5. **Create Ongoing Verification Tools**:
   ```bash
   # CI script: scripts/verify-type-safety.sh
   # - Run schema change simulation tests
   # - Verify transformation tests pass
   # - Check strict TypeScript compilation
   # - Validate component integration tests
   ```

**Success Criteria**: 
- Team has clear practices for maintaining type safety
- CI pipeline catches type safety regressions automatically  
- Schema change testing is automated and repeatable
- Documentation provides concrete examples and rationale

**Estimated Time**: 2 days

## Risk Mitigation

### High-Impact Risks

1. **Breaking Change Volume**: Strict TypeScript may reveal many existing issues
   - *Mitigation*: Implement incrementally, fix issues in phases
   - *Rollback*: Keep loose config as backup during transition

2. **Performance Impact**: Additional transformation layer overhead
   - *Mitigation*: Profile transformation functions, optimize hot paths
   - *Monitoring*: Track bundle size and runtime performance

3. **Developer Learning Curve**: Team needs to adapt to strict null checks
   - *Mitigation*: Provide training on handling optional types
   - *Support*: Create examples and best practices documentation

### Medium-Impact Risks

1. **API Response Changes**: Backend might return unexpected data shapes
   - *Mitigation*: Add runtime validation in service layer
   - *Detection*: Monitor for transformation failures

2. **Third-party Type Conflicts**: Generated types might conflict with other libraries
   - *Mitigation*: Use type aliases and careful imports
   - *Testing*: Verify integration with existing dependencies

## Success Metrics

### Compile-Time Safety
- [ ] Zero `any` types in dashboard code
- [ ] All protobuf optional fields handled explicitly
- [ ] TypeScript strict mode enabled and passing
- [ ] Component attribute interfaces match usage

### Runtime Reliability  
- [ ] Zero "undefined is not a function" errors
- [ ] Zero "cannot read property of undefined" errors
- [ ] All API error states handled gracefully
- [ ] Consistent data shapes across all components

### Development Experience
- [ ] Backend schema changes cause predictable frontend compilation results
- [ ] Clear error messages when types don't match
- [ ] Consistent patterns for handling new data types
- [ ] Fast iteration cycle maintained

## Future Considerations

### Schema Evolution Strategy
- Plan for handling breaking vs non-breaking backend changes
- Consider versioning approach for dashboard types
- Establish deprecation process for old data shapes

### Tooling Enhancements
- Consider code generation for transformation functions
- Explore runtime schema validation libraries
- Investigate GraphQL for stronger API contracts

### Performance Optimization
- Profile transformation layer performance
- Consider caching strategies for transformed data
- Optimize bundle size impact of strict typing

---

## Implementation Notes

This plan prioritizes compile-time correctness while maintaining development velocity.
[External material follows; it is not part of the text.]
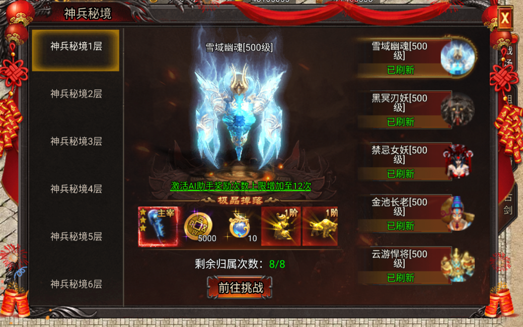 开服第8天跨服开启!暗殿共设4层(后续版本已拓展至5层),每层对应独特属性门槛:日之力、月之力、星之力、辰之力、暗之力缺一不可。达标方可挑战当层BOSS,击败后独享归属奖励——暗殿装备直接掉落!每日2小时恢复1次挑战次数,最多累计5次,策略配装+精准突破,才是登顶关键。
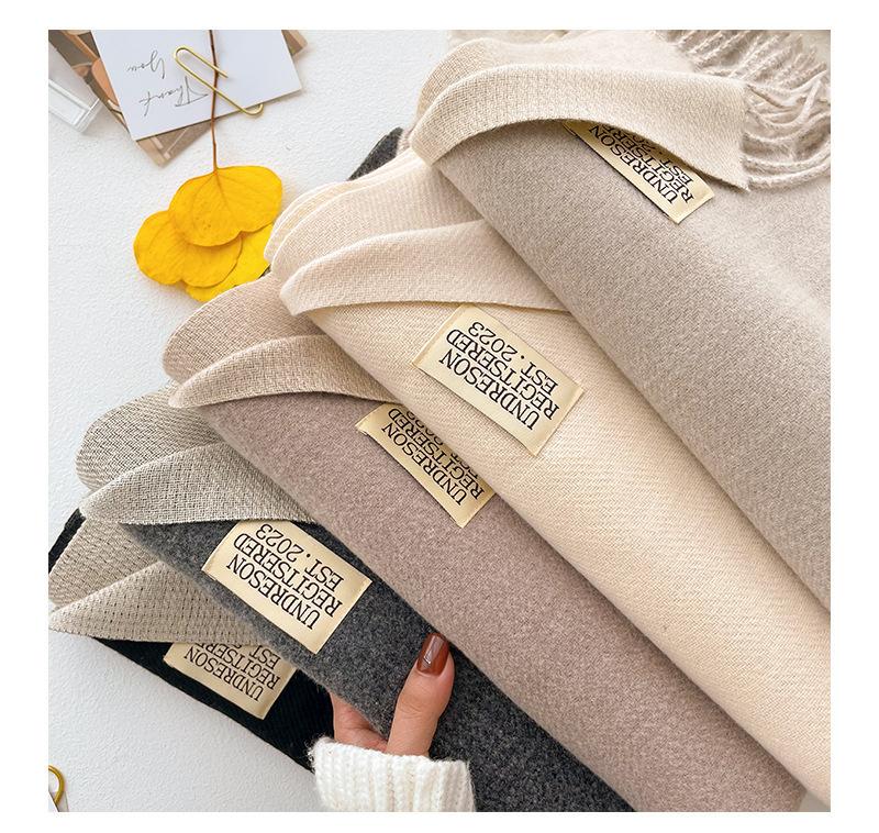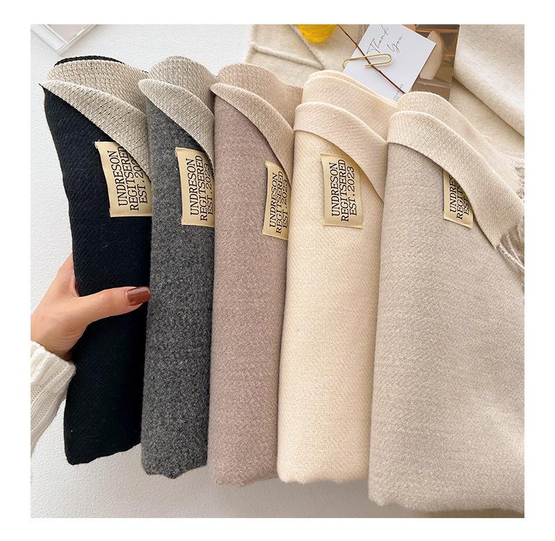 Bufanda de cachemir de doble cara de color liso para mujer, estilo coreano, gruesa y cálida, para estudiantes y parejas, para invierno

The phased approach allows for incremental progress and risk mitigation, while the three-pronged strategy (Options 2+3+4) provides comprehensive type safety from protobuf definitions through to component rendering.

The key insight is that true compile-time correctness requires both accurate type definitions AND consistent data transformation patterns enforced by strict TypeScript configuration.